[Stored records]

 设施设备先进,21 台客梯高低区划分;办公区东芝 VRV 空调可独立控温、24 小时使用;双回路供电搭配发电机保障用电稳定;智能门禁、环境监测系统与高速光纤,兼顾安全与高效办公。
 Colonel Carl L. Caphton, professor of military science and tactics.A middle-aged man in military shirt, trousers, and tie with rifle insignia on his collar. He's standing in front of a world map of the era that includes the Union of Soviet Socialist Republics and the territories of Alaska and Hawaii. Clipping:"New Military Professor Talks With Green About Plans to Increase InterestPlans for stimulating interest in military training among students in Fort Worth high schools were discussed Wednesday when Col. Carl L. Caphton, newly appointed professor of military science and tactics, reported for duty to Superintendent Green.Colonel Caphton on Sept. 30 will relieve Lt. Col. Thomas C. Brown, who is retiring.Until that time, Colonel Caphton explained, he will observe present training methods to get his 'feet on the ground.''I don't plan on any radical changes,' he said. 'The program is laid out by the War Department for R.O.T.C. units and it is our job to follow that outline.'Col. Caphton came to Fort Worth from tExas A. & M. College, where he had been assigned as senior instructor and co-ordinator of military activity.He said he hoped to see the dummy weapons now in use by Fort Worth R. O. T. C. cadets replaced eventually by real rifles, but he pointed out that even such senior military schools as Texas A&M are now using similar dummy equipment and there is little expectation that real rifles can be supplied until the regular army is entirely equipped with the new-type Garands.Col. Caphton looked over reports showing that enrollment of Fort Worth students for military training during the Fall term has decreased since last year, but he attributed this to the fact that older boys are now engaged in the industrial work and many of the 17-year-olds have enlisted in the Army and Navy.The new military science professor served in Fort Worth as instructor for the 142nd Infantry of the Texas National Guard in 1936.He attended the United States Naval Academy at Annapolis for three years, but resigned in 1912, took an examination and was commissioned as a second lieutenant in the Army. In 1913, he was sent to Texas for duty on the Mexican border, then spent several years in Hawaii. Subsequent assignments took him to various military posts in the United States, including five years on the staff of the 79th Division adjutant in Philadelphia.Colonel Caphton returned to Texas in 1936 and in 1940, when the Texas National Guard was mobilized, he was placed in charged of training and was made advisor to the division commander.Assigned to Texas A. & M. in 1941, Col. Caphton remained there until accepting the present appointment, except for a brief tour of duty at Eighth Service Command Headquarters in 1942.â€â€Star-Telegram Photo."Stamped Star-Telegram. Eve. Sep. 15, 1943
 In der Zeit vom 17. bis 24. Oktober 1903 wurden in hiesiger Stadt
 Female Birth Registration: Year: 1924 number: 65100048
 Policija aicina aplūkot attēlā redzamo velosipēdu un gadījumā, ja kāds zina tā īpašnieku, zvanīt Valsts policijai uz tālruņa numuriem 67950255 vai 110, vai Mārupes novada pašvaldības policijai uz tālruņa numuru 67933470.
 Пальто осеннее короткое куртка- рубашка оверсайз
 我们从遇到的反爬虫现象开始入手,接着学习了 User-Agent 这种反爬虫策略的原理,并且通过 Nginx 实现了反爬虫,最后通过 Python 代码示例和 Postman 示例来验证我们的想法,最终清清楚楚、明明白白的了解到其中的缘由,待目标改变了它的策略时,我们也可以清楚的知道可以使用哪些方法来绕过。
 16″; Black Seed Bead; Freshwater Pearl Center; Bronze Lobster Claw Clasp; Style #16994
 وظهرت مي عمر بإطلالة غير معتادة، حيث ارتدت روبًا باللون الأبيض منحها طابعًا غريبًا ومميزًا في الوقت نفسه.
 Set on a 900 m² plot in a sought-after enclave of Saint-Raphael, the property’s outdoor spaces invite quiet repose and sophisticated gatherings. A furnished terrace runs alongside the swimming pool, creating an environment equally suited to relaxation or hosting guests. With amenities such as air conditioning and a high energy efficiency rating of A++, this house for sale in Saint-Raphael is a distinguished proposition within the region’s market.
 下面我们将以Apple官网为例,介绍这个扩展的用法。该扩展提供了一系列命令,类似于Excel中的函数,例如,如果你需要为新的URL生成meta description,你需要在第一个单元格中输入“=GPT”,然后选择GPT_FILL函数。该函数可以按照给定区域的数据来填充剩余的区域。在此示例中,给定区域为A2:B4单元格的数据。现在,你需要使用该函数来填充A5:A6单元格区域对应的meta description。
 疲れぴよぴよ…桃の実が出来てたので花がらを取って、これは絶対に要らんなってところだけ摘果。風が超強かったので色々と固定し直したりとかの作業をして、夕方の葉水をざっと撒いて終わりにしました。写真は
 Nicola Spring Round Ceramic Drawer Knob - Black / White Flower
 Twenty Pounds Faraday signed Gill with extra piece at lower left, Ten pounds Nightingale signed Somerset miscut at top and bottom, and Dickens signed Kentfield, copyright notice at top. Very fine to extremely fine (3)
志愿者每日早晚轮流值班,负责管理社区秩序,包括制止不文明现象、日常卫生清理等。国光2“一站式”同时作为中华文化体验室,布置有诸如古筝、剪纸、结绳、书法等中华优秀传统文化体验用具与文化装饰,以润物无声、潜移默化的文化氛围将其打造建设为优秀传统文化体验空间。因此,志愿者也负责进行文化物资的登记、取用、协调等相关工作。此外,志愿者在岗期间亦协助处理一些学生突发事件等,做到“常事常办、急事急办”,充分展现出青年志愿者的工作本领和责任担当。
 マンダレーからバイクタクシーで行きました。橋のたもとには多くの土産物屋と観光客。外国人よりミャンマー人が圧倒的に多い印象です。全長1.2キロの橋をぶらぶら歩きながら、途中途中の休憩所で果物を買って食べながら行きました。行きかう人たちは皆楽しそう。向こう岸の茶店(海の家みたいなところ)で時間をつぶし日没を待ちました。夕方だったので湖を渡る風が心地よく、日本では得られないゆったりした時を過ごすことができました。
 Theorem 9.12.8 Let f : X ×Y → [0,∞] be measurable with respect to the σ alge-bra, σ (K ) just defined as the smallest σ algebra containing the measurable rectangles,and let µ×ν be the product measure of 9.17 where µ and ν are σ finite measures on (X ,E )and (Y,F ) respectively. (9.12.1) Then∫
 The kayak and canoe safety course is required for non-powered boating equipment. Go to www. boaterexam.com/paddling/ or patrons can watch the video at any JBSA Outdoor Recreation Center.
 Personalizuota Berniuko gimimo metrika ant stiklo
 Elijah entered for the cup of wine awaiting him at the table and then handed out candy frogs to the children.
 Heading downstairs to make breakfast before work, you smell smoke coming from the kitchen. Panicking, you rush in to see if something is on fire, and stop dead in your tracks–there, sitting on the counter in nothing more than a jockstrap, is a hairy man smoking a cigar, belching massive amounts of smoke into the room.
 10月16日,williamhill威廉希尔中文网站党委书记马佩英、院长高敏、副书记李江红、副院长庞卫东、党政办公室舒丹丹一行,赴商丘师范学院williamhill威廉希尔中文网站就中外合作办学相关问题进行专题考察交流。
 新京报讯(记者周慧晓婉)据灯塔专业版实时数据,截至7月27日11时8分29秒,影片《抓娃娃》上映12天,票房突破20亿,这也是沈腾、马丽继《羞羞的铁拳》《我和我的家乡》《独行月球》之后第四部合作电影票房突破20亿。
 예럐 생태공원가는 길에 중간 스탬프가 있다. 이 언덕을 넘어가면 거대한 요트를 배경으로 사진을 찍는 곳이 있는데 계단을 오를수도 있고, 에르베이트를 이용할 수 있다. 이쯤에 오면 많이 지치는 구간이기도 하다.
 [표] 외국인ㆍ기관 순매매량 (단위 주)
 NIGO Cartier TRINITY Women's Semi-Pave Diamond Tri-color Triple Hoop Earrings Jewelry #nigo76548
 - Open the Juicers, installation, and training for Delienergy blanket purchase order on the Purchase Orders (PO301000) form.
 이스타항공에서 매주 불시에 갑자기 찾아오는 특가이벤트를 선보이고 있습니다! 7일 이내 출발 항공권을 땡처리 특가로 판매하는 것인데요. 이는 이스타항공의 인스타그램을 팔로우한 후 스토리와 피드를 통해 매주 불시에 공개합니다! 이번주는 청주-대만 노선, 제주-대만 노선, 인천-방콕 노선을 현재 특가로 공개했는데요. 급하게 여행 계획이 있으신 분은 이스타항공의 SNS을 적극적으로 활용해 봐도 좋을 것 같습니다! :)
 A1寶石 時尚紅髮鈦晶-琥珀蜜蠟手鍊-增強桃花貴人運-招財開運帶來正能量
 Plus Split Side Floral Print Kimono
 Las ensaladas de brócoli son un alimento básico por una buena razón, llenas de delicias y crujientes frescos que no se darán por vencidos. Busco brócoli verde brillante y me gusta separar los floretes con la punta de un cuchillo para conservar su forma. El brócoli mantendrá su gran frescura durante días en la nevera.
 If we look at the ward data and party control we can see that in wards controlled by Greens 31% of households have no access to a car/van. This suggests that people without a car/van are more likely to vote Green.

Task requirements
Starting at the line that has "我们从遇到的反爬虫现象开始入手,接着学习了 User-Agent 这种反爬虫策略的原理,并且通过" in the records above, restate word for word every line until the one that has "وظهرت مي عمر", and include that one as well.

Response box
 我们从遇到的反爬虫现象开始入手,接着学习了 User-Agent 这种反爬虫策略的原理,并且通过 Nginx 实现了反爬虫,最后通过 Python 代码示例和 Postman 示例来验证我们的想法,最终清清楚楚、明明白白的了解到其中的缘由,待目标改变了它的策略时,我们也可以清楚的知道可以使用哪些方法来绕过。
 16″; Black Seed Bead; Freshwater Pearl Center; Bronze Lobster Claw Clasp; Style #16994
 وظهرت مي عمر بإطلالة غير معتادة، حيث ارتدت روبًا باللون الأبيض منحها طابعًا غريبًا ومميزًا في الوقت نفسه.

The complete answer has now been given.